The first wild thing we found to eat that morning was oxalis, or sourgrass, also called wood sorrel. Once I told the children about it, they continued to break off stems and chew on it for the rest of the day, it being everywhere we went. Ivy liked the flowers best, but most of us preferred the stems.

Plantain was growing everywhere beneath our feet, mixed in with the oxalis. Scout told me that if you get a rash from stinging nettle you can chew some plantain and put it on the rash to soothe it. But there were no nettles in this neighborhood, and we left the plantain alone.

The water was glittering, and the children discovered countless crabs as they peered into their dark caves among the rocks. While the more agile folk spied on crabs, I admired the colorful minerals in the giant specimens bordering the sidewalk.

Big pine trees with gorgeous trunks shaded us at the park. Ivy and Jamie took on the challenge of climbing one of them. Their mother gave them tips from time to time; eventually Ivy gave Jamie her knee for a footstool, and he was up! Pippin then helped Ivy, and they finished their lunch in an elevated position.

We drove to a different access point for the Marin Headlands and ended up at Point Bonita. Here is a map on which you can see the point, right where a lighthouse needed to be, outside San Francisco Bay at its north entrance. The lighthouse itself is closed currently, but we walked down the little peninsula as far as possible.

We stared and stared at the Golden Gate Bridge, from that perspective that we rarely get, looking in toward the bay. That narrow entrance to a huge bay was named the Golden Gate Strait by John C. Fremont:

“In 1846, when soldier, explorer and future presidential candidate John C. Fremont saw the watery trench that breached the range of coastal hills on the western edge of otherwise landlocked San Francisco Bay, it reminded him of another beautiful landlocked harbor: the Golden Horn of the Bosporus in Constantinople, now Istanbul. Fremont used a Greek term to name it: Chrysopylae – in English, Golden Gate. In his 1848 ‘Geographical Memoir,’ Fremont added another layer of meaning: The rugged opening to the Pacific, he wrote, is ‘a golden gate to trade with the Orient.'”

Here is another map of the bay from 1909, before the Golden Gate Bridge was built.

A couple dozen harbor seals were sunning themselves on rocks in Bonita Cove. We could see Ocean Beach in San Francisco to the south, and the skyline of the city with its new, tallest building, the Salesforce Tower, and indeed it towers over the others. I don’t think it’s as ugly as its name, which speaks volumes about our society. But let’s get back to more interesting things…

… And what do you think we saw at our feet? Mustard! I wouldn’t be surprised if these plants or their grandparents have been hanging around these bluffs for a hundred years or more; they are obviously robust and venerable.

Quite recently they’ve had baths and blow-drys, and the leaves looked so juicy…

… it’s no wonder Pippin wanted to taste a leaf. I of course had to follow suit… Yikes! That is the strongest tasting Brassica I ever hope to sample.
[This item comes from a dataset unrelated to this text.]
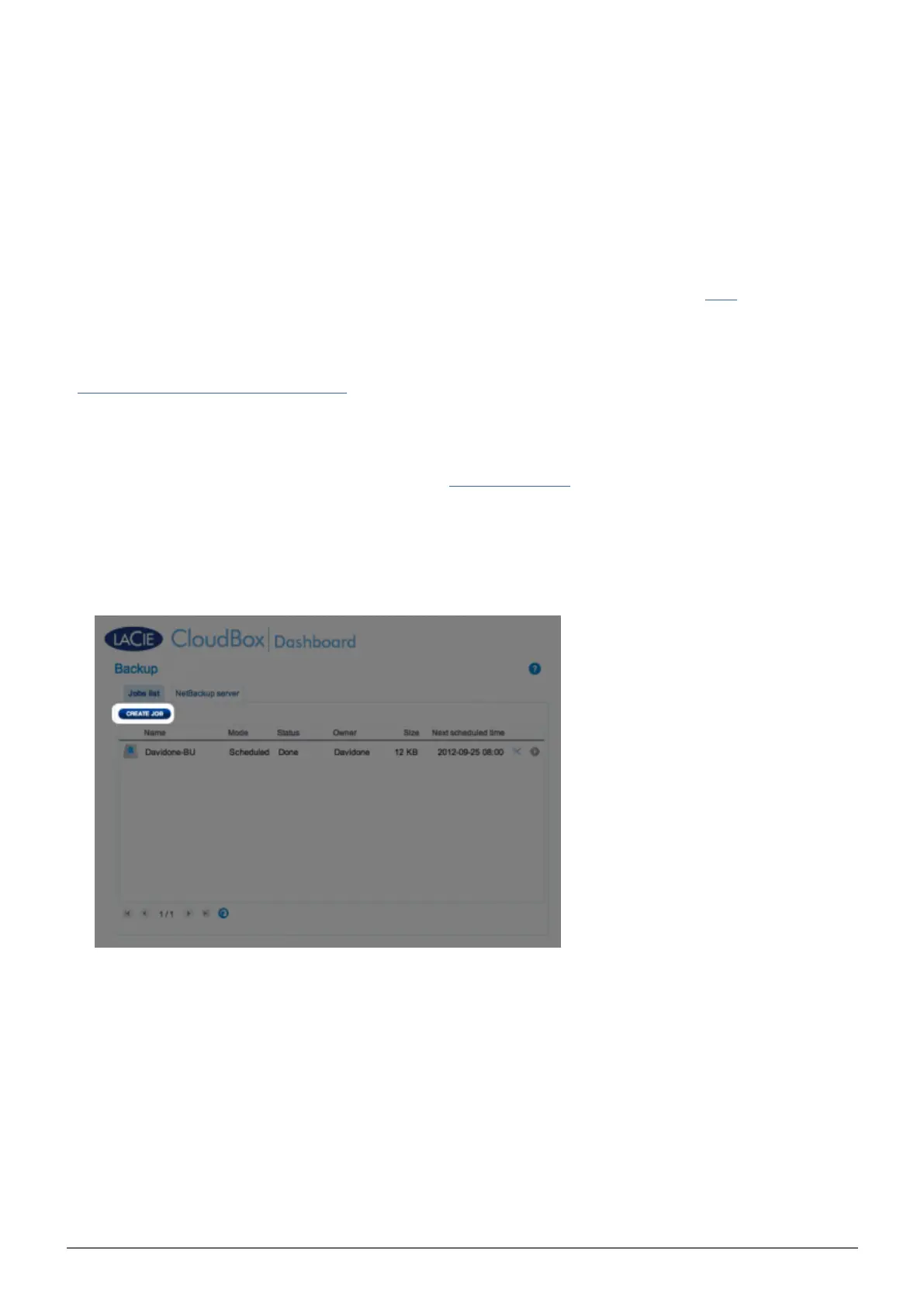 Go to your LaCie CloudBox Dashboard to select the Backup page.1.

Ivy tried a periwinkle flower and spat it out. Then, the kids interacted with their environment with hands and feet, making their way up the rocky wall to our west.
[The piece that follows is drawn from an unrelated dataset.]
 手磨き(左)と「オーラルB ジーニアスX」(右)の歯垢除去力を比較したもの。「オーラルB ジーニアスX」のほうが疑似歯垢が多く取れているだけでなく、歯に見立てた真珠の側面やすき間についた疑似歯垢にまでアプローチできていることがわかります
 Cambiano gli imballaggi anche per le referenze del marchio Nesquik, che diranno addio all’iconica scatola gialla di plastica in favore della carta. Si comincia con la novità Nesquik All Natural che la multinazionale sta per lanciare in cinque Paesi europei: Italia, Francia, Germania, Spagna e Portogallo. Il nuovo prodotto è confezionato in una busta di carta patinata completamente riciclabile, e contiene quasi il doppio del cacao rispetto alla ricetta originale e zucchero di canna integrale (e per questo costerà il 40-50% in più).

We walked back up the path and drove around the corner to the former Fort Cronkhite, now part of the Golden Gate Recreational Area. From the batteries we could see north up the coast and south to the lighthouse.
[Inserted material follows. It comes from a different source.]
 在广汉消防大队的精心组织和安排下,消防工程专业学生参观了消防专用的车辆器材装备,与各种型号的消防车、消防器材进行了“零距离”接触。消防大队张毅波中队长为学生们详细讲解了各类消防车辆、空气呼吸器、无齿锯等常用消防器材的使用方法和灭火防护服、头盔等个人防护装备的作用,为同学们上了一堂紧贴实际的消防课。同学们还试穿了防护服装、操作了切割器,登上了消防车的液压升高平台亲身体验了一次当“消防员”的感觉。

Another Brassica lives on that side, the very common wild radish, raphanus raphanistrum; shown here with violet blooms, though white and yellow are common, too. I used to notice these flowers as I walked home from the bus stop as a child. We didn’t taste this one.

wild radish
California Manroot

The last Brassica experience of the weekend was the next morning when Pippin took a little tour of my garden before they started home. She told me she’d eaten some of the flower buds of my collards. How did they taste? “Like broccoli.” I don’t normally eat my collards raw, but I decided to snap off all the developing flower stems, and I ate them right then. Mm-mm — they were so sweet and tender. And just around the corner of my own house.